### Aim of the exercise
Repeat all of the records exactly, leaving out the pictures.

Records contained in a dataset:
☆ ☆ ☆ ☆

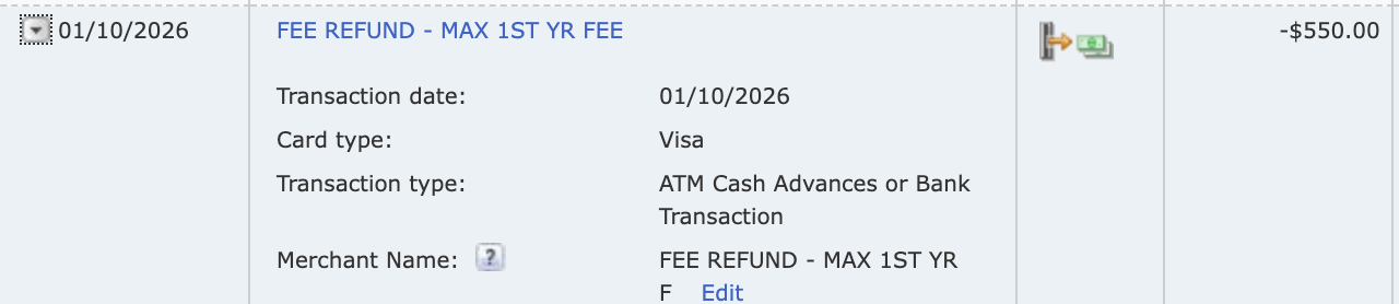 今天发现 boa 给了 $550 membership fee refund, transaction description: [FEE REFUND - MAX 1ST YR FEE]
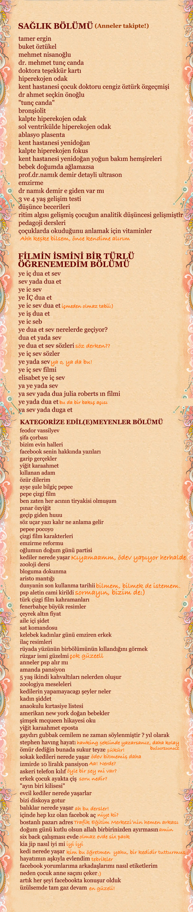 10. bloggerda yok sanırım bu anahtar kelimeler özelliği ama şu kategorize edilemeyenler çok komikmiş..
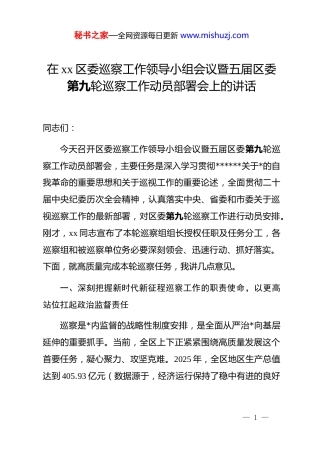 在XX区委巡察工作领导小组会议暨五届区委第九轮巡察工作动员部署会上的讲话.docx
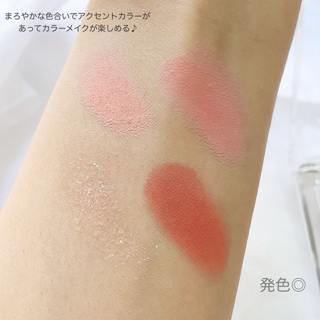 このアイシャドウは発色は薄めだけど その代わりにラメが凄くて!! なのでオレンジメイクしたいけど なかなか挑戦出来ない方とかにも◎ オレンジを単体で塗れば可愛い印象に ブラウンを加えれば大人っぽい印象に とっても可愛いアイシャドウなので 是非チェックしてみてください🍯💗
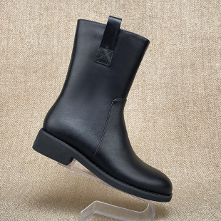 浓情漫宇2024秋冬简约头层牛皮粗跟中筒靴子加绒保暖真皮靴女短靴
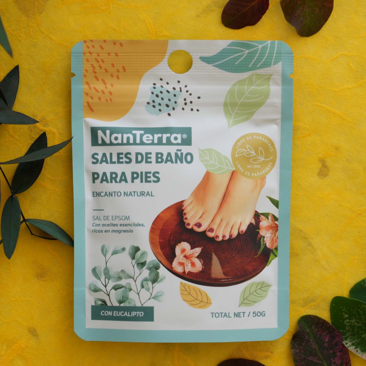 Sales de baño para pies con eucalipto.
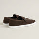 Loafer in suede calfskin with rubber sole and miniature Paris buckle.
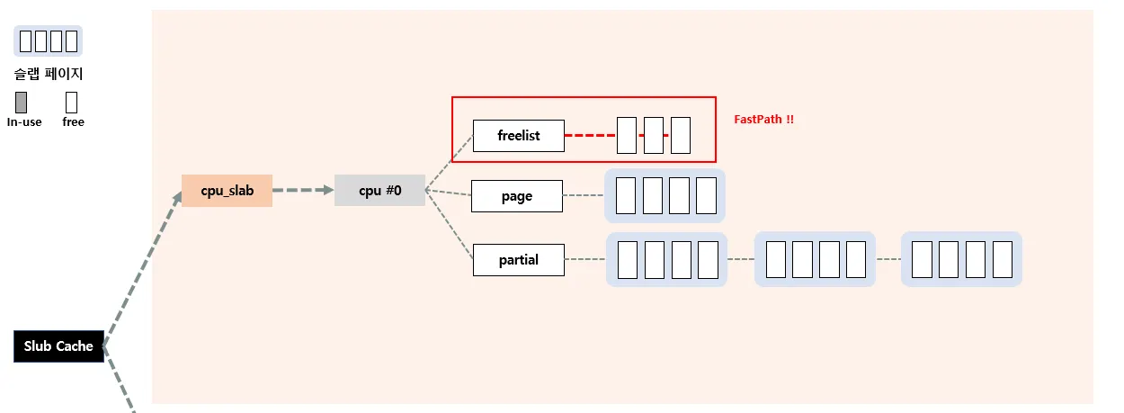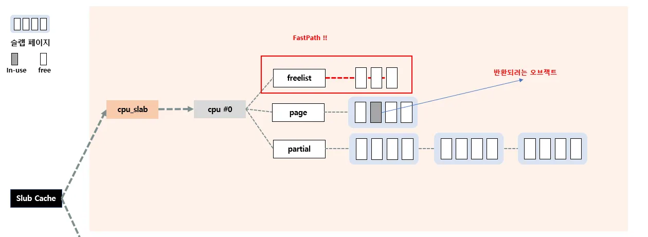 Fastpath는 가장 빠른 할당방식으로, 현재 c→freelist에 할당 가능한 object가 있으면 바로 할당해주는 방식을 뜻한다.
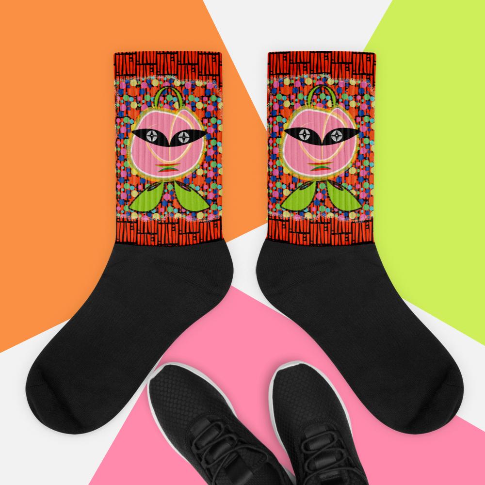 底の部分にクッション性があるためとても履き心地の良い靴下。足先は黒く、足首に沿って鮮やかで色褪せない色で印刷が施されます。

☆ ☆ ☆ ☆

### Answer to this task
 今天发现 boa 给了 $550 membership fee refund, transaction description: [FEE REFUND - MAX 1ST YR FEE]
 10. bloggerda yok sanırım bu anahtar kelimeler özelliği ama şu kategorize edilemeyenler çok komikmiş..
 在XX区委巡察工作领导小组会议暨五届区委第九轮巡察工作动员部署会上的讲话.docx
 このアイシャドウは発色は薄めだけど その代わりにラメが凄くて!! なのでオレンジメイクしたいけど なかなか挑戦出来ない方とかにも◎ オレンジを単体で塗れば可愛い印象に ブラウンを加えれば大人っぽい印象に とっても可愛いアイシャドウなので 是非チェックしてみてください🍯💗
 浓情漫宇2024秋冬简约头层牛皮粗跟中筒靴子加绒保暖真皮靴女短靴
 Sales de baño para pies con eucalipto.
 Loafer in suede calfskin with rubber sole and miniature Paris buckle.
 Fastpath는 가장 빠른 할당방식으로, 현재 c→freelist에 할당 가능한 object가 있으면 바로 할당해주는 방식을 뜻한다.
 底の部分にクッション性があるためとても履き心地の良い靴下。足先は黒く、足首に沿って鮮やかで色褪せない色で印刷が施されます。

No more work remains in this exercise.